However, Peruvian nationalists ensured that the Chilean propaganda failed and the planned plebiscite was never held. Finally, in 1929, the Treaty of Lima was signed in which Chile kept Arica, whilst Peru reacquired Tacna and received a $6 million indemnity and other concessions.

Some of the important persons who lived in Tacna during the Chilean administration were Salvador Allende and his family, who lived eight years in the city. Salvador had lived in Tacna since he was a baby; he arrived in 1908 and he studied in the Tacna School (Liceo de Tacna).

Today, Tacna is a mostly commercial city with many migrants from the Puno Region living there. Its economy is based on mercantile activities with the north of Chile (Arica and Iquique). Since it is part of a duty-free zone, Tacna has come to rival Arequipa as southern Peru's main business area. The city has one of the largest artifact markets in the world with imports from Japan and China, and traditional Peruvian handicrafts.

Geography
The area is generally desert, with a few fertile spots near the mountains. No rivers cross the entire province.

Climate
Tacna has a desert climate (BWk/BWh, according to the Köppen climate classification).

Transport

Rail 
Tacna was served by a cross-border  Tacna-Arica Railway to Arica, Chile. The line closed in 2012, but as of June 2014, there were plans to reopen it. 

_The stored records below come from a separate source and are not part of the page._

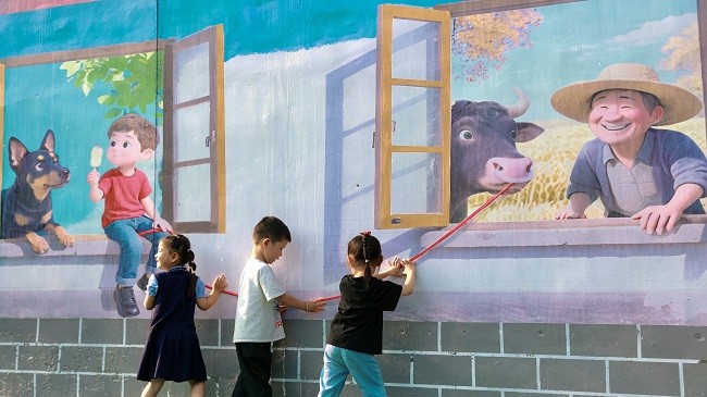 三家村的故事,始于“97后”女孩张桂芳的归来。2020年,24 岁的她响应号召回村,被高票选举为村长。面对破败房屋、累累负债和留守老人的困境,她另辟蹊径,用艺术彩绘开启破局之路——将“梵高的星空”泼向斑驳的墙壁,让“大鱼海棠”游过荒废的谷仓,把灰暗的村庄绘成鹤壁首个“彩虹村”。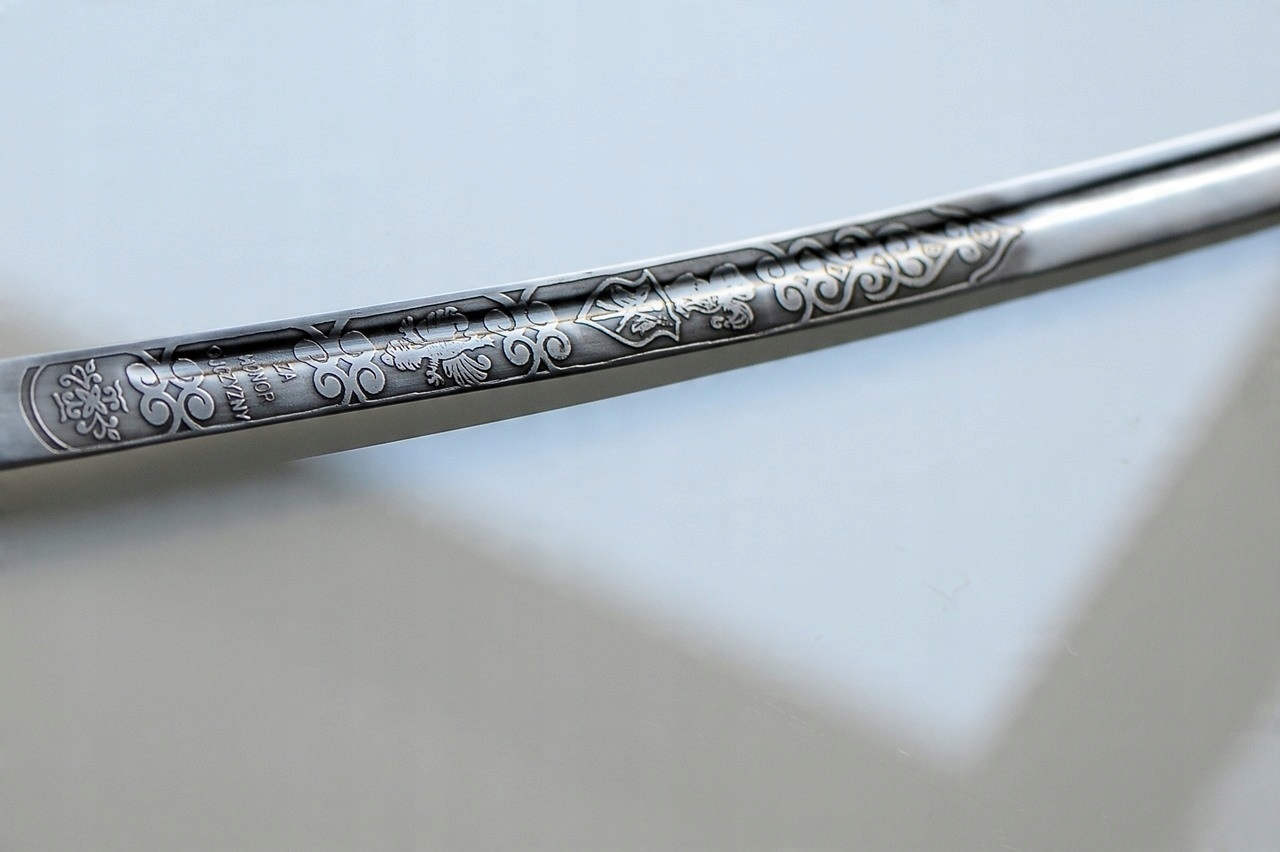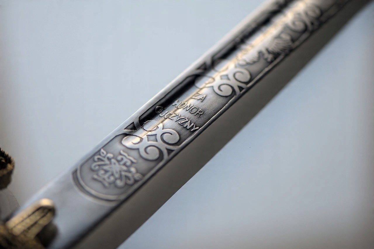 Реплика польской сабли НА СТОЛЕ , изготовленная по случаю Генерала Именины В. Сикорского в 1920 году. Сабли (в основном) изготавливаются из высокоуглеродистой полированной стали. На клинке имеется надпись «За честь Родины».. Полировка производится до получения однородной, матовой, гладкой структуры. Самый интересный элемент — рукоять, стилизованная под голову белого орла с короной. Пожалуйста, не используйте для фехтования сабли – они служат отличным декоративным предметом интерьера, сувениром или подарком. Рекомендуем время от времени консервировать лезвие и ножны очень тонким слоем оливкового масла или другого смазочного средства (это поможет сохранить высокое качество изделия. Идеально подходит для гравировки посвящений).
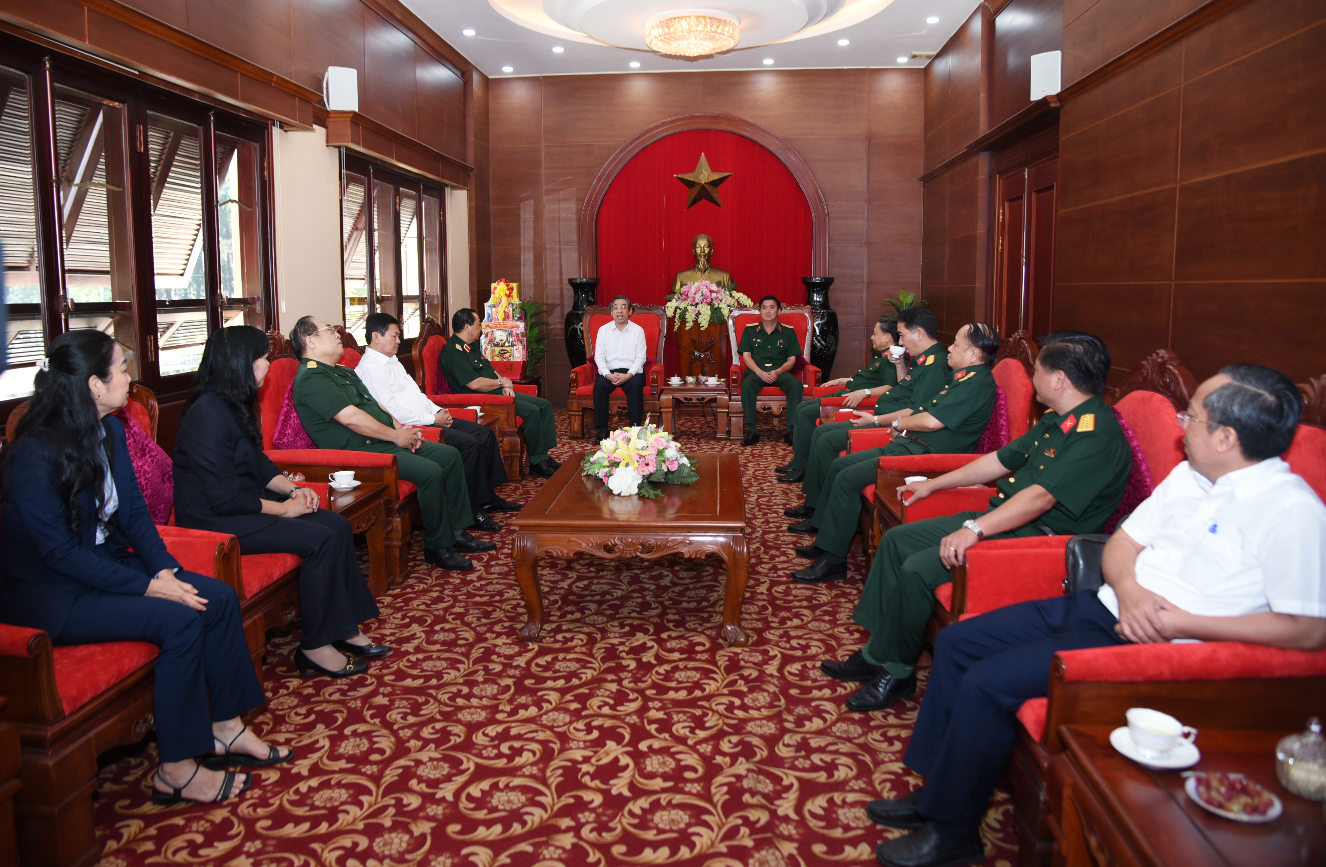 Thiếu tướng Võ Văn Thi, Phó Tư lệnh Quân khu chủ trì đón, tiếp đoàn đại biểu Thành phố Hồ Chí Minh đế chúc Tết Bộ Tư lệnh Quân khu 7.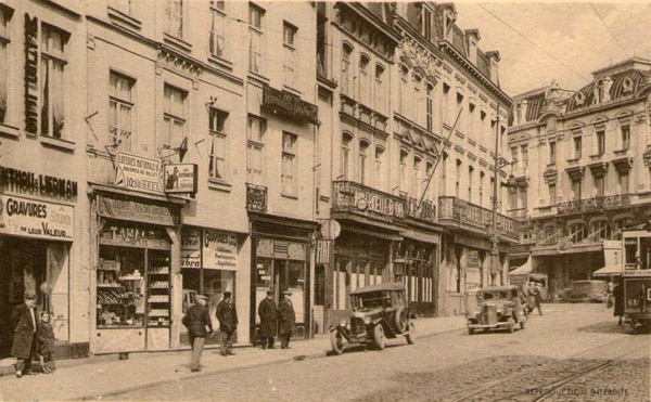 La photo suivante, prise aux environs de 1908, nous montre ce carrefour qui marque pratiquement la fin de la zone commerçante dans la rue. A gauche, l’estaminet l’Epi d’Or, et à droite, la pharmacie, sous la houlette respectivement de J Boucherie et de H. Delporte, qui officieront jusqu’au milieu des années 30. La quincaillerie Nivesse Carlier aura au 114 un destin plus éphémère : d’autres types de commerces s’y succèderont.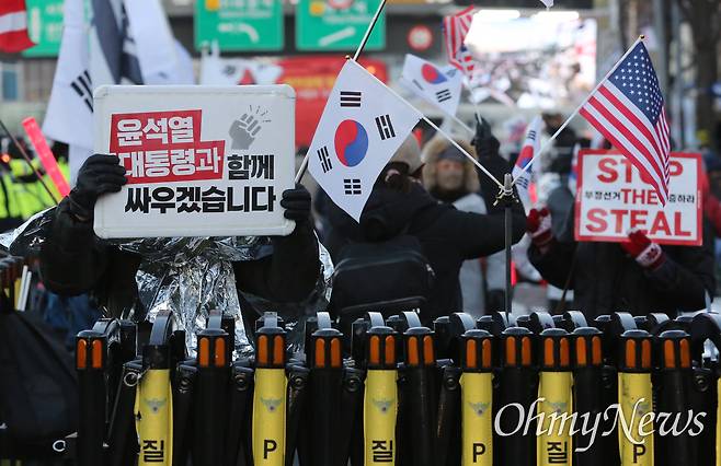 | ▲ 내란 우두머리 혐의를 받고 있는 윤석열 대통령에 대한 고위공직자범죄수사처와 국가수사본부의 2차 체포영장 집행 중인 15일 오전 서울 용산구 대통령 관저 인근에서 보수단체 집회 참석자들이 윤석열 대통령 체포를 반대하고 있다. |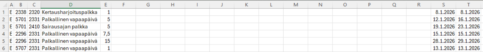 Aineisto on tarkoitettu vietäväksi palkanlaskentaan CSV-muodossa palkanlaskentaohjelman sisäänlukua varten.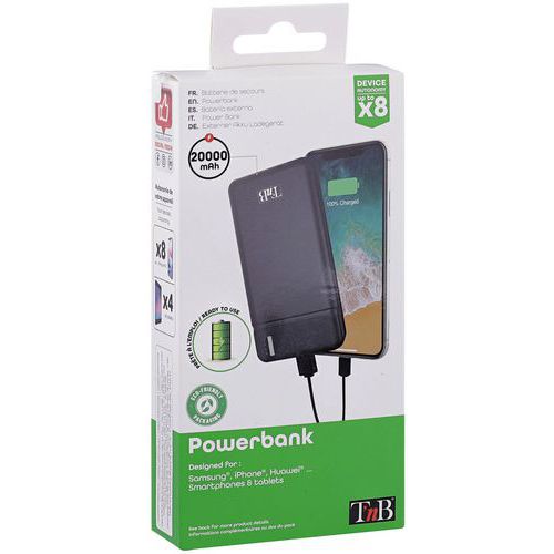| Intitulé du produit | Batterie de secours nomade 2 USB, Capacité (électrique): 20000 mAh, Coloris: Noir, Largeur: 7.5 cm |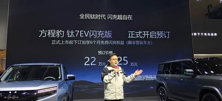 同期开启预订的钛7 EV闪充版,定位“全球首款闪充纯电大方盒”,预订价格区间22万-25万元,以更大空间、更强性能,覆盖中高端纯电市场需求。该车以70.9%超高得房率搭配47处储物巧思,完美适配家庭出行场景;CLTC纯电续航至高可达755km,双电机四驱综合功率515kW,动力输出强劲,顶配车型搭载激光雷达与大模型智能座舱,进一步提升智能出行体验。该车延续方程豹硬派基因与闪充优势,让用户在享受宽敞舒适空间的同时,彻底告别续航与补电焦虑。

It is also the location of the National Railway Museum of Peru.

Air
Tacna is served by the Crnl. FAP. Carlos Ciriani Santa Rosa International Airport, with flights to Arequipa and Lima.

Road
Tacna is also served by Peru Highway 1 which heads south to Arica and north to Moquegua.

Tourist attractions

Many monuments are located in this city, including the arch of the Alto de la Alianza and the Tacna Parabolic Arch.

Other monuments include a neo-renaissance Cathedral, the Courthouse, the Alameda Bolognesi Walkway and the caves of Toquepala, where archaeologists have found some of the oldest human remains in Peru.

Festivities

The most important festivity in the city is the Semana de Tacna ("Tacna Week"), which runs from August 25–30.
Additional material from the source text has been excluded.